Розенблюм Е.А.  Введя понятие методической рефлексии, вы, с моей точки зрения, ввели и понятие открытости. Что значит, что система открыта? Это значит, что происходит непрерывное превращение ее в понятийную форму, с тем, чтобы была достигнута ее коммуникативность. Для меня, который все время стремится все перевести в понятийную форму, действительно, есть ощущение, что отсутствие понятий тормозит процесс развития художественного проектирования.
Но есть тут у нас и какие-то недостатки. Они состоят в том, что иногда наиболее ценные для нас средства, возникающие в процессе методической рефлексии, либо вообще не могут быть применены, ибо долго не могут быть применены, а процесс коммуникации тем не менее для них возможен. У нас есть объекты, которые мы можем приводить к работе только через два-три года после их создания. А вошли они в процесс коммуникации, вошли в деятельность гораздо раньше.
Ген. Я в принципе с этим согласен, хотя внутренняя расстановка акцентов была у меня несколько иная. Открытость методической системы, действительно, вытекает из понятия рефлексии. Что касается коммуникации, то нужно различать два ее вида: 1) в практике преподавательской и консультативной работы есть непосредственный устный контакт с проектировщиком; хотя он требует понятийного оформления, но для него не обязательна текстуальная фиксация; 2) передача применительно к более широкому кругу “друзей художественного проектирования”, методическое выражение системы для более широкой аудитории. Тут акцент ставится на письменную форму и понятийное выражение требуется более жесткое.

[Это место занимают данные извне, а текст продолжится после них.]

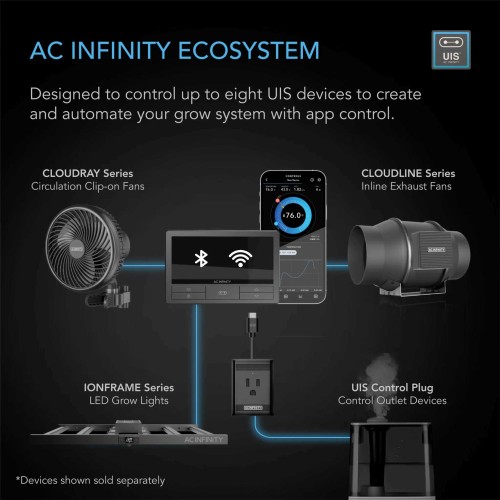 Devices within the UIS™ ecosystem which includes all AC Infinity LED grow lights and EC fans are compatible. Compatible AC Infinity series devices include:

Как правило, критическое отношение к методике художественного проектирования возникает у людей, мало сталкивающихся с устной практикой Сенежской студии или вообще с ней не знакомых. Мне кажется, что в некоторой мере это происходит из-за того, что та форма фиксации, которая пригодна для устной коммуникации, мало эффективна для более широкой аудитории.
Роз. Вы правы, но у нас по-другому пока не получается. И все-таки, то, чем мы занимаемся, мы называем искусством. Само искусство — высшая форма коммуникации. Мне кажется, что наши проекты как произведения искусства, должны обладать и художественной коммуникативной формой.
Ген. Согласен. Но в рамках методической рефлексии роль визуально-пластической коммуникации в двух отношениях ограничена:
в визуальных фиксациях конкретных проектов нераздельно связаны заданные, ограничительные условия и проектный прием, предложенный в преодоление этих заданностей; хотя умный взор практика может вычерпать новое из старого, чистота методической рефлексии и коммуникации этим путем достигнута быть не может; следует, по-видимому, выделить художественный проект в собственном смысле слова, как такую изобразительную форму, в которой бы содержались методические итоги поисков;
визуальный язык мало гибок в коммуникативном отношении, так как на нем трудно — или невозможно — ставить вопросы и давать ответы, вербальный язык пластичнее, но только тогда, когда он отчеканен понятийно.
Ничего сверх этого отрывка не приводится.